How close will Jupiter be?

The minimum theoretical distance between Jupiter and Earth is 588 million kilometers (365 million miles). We won’t get quite that close this time, since perihelion is not until January 2023, but next week the Earth-Jupiter distance will be within 0.5 percent of the minimum. It’s the closest the Earth will have been to Jupiter since at least 1963 (some reports incorrectly say since 1951) and we won’t be this close again for centuries.

It may be hard to tell the difference between this opposition and the next or last one, both of which were also fairly close. On the other hand, if you can cast your mind back to how the giant planet looked in 2016, the difference should be quite substantial. Moreover, because Jupiter is currently almost exactly on the celestial equator, it looks good from everywhere on the planet, poles aside, rather than being at its best for only one hemisphere.

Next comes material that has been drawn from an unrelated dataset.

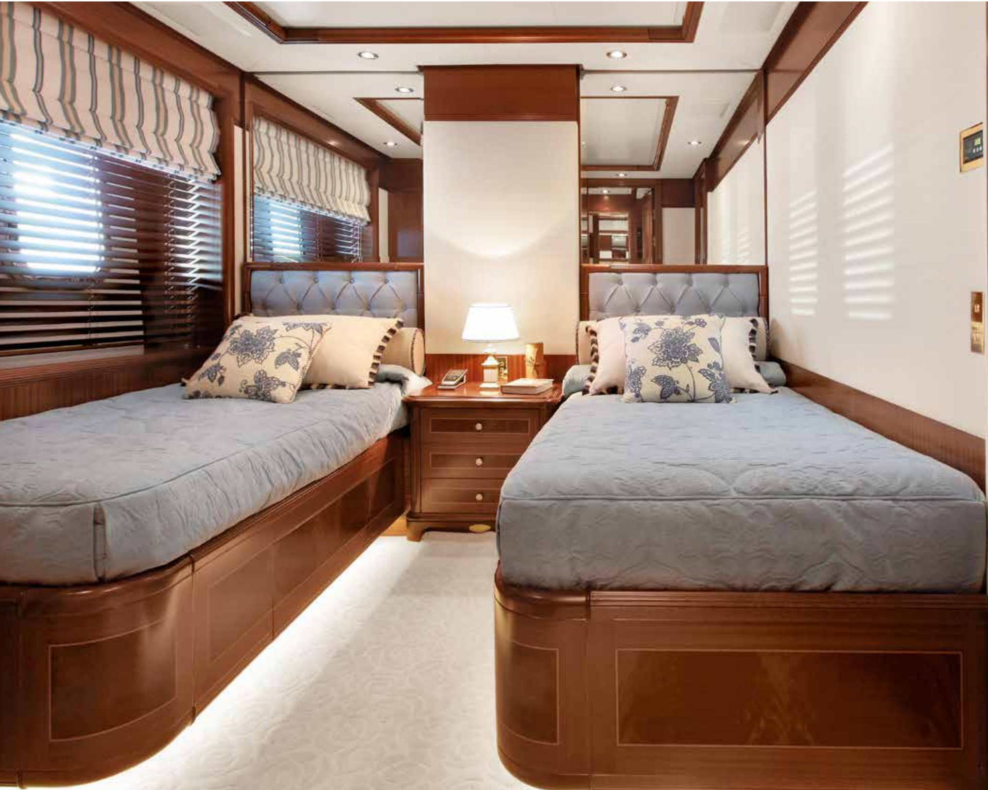
Lower Deck Twins Cabin

For people with excellent eyesight and dark skies, this is a good chance to see if you can spot some of Jupiter’s moons without an astronomical instrument.

On September 29, when the distance to Jupiter will have changed only fractionally, Juno will make its only planned flyby of Europa, just 356 kilometers above the surface – closer than the ISS orbits to Earth. It will be the first time a spacecraft has gone close to Europa since 2000, and we won’t get close again for at least a decade.

During the mission, Juno will seek to detect bodies of water within the icy shell, geyser plumes, and the water vapor atmosphere.